Literary apologetics is also not necessarily the study of writings about the Christian faith, although it certainly includes this component. In fact, my husband, Michael and I started our journey into literary apologetics (long before we ever heard the term) by teaching a series on C.S. Lewis' Mere Christianity in our Sunday class. And even before that, Michael taught a series on Pilgrim's Progress, probably the first class ever taught at our church on a work of literature, not a Christian lifestyle book. People were quite intrigued by it. Bear in mind that literary apologetics does not concern the study of the multitude of popular titles (or their ubiquitous cousins, the video series) devoted to the discussion of the Christian life.While these have their place, and may prove somewhat helpful, literary apologetics seeks to involve serious, thoughtful and engaging books which lead us to explore the truths, even the mysteries, of the Christian faith. Here's a list of a few of the books we have discussed in class, and their significance as literary apologetic works.

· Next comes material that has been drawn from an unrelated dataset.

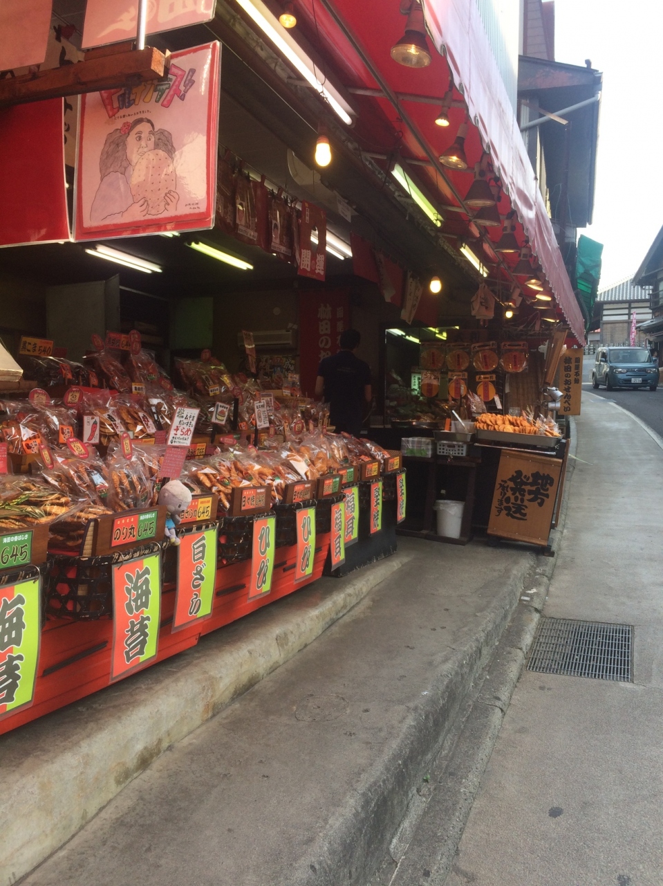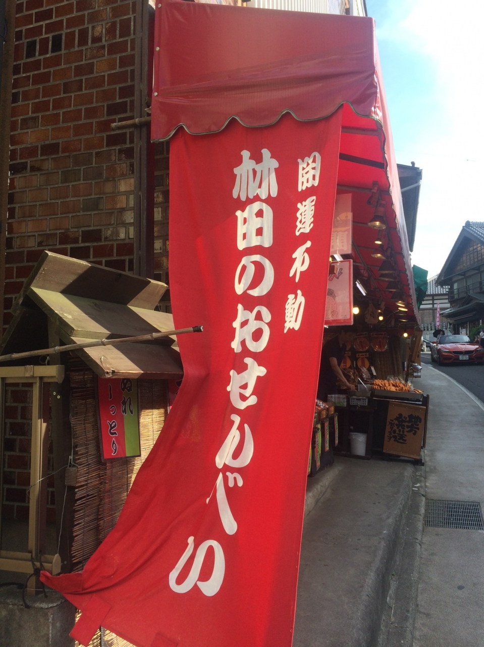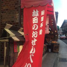 成田山新勝寺参道にある煎餅屋で、店の前にはたくさんの煎餅で埋め尽くされていました。串に煎餅を刺したものがあり人気メニューです。食べながら参道を歩けるのがよく、串は長いです。赤い看板が目印で他方発送も行なっています。

- Pilgrim's Progress: (Bunyan, 1678) This is the classic, definitive work on Christianity as a journey, and probably one of the first to deal with Christian worldview, as Pilgrim encounters situations along the way when he must choose to live out his faith. It is also a wonderful source of encouragement when dealing with the ups and downs of the Christian life.
- Paradise Lost: (Milton, 1667) This book contains classic descriptions of the spiritual universe of angels and demons. Though clearly a work of Milton's incredible imagination, it helps us to see the power and significance of that world, to which we most often turn a blind eye. Milton's evaluation of original sin is truly masterful and gives us insight into its pervasive influence. An interesting sidelight in the book is the many references to the scientific thought of his day, teaching us to be well-rounded in our interests.
- Divine Comedy: (Dante,1321) This book is much more that the Inferno section, which is taught today basically as horror genre. (Although I must admit it is fun to rank the frustrating events of the day according to their corresponding circle of hell!) I especially enjoyed the Pugatorio section because I saw in it so many parallels to our earthy journey. I also discovered the wonderful music highlighted by Dante at the end of each section and downloaded several pieces on I-tunes!
- Pensees: (Pascal, 1669) Pascal's brilliant and succinct insights into the timeless and universal condition of mankind are unequaled. His "all things considered" approach takes in reason and relationships, wretchedness and diversion, sin and salvation. Throughout, his devotion to Christ stands out as a shining beacon for his life and ours.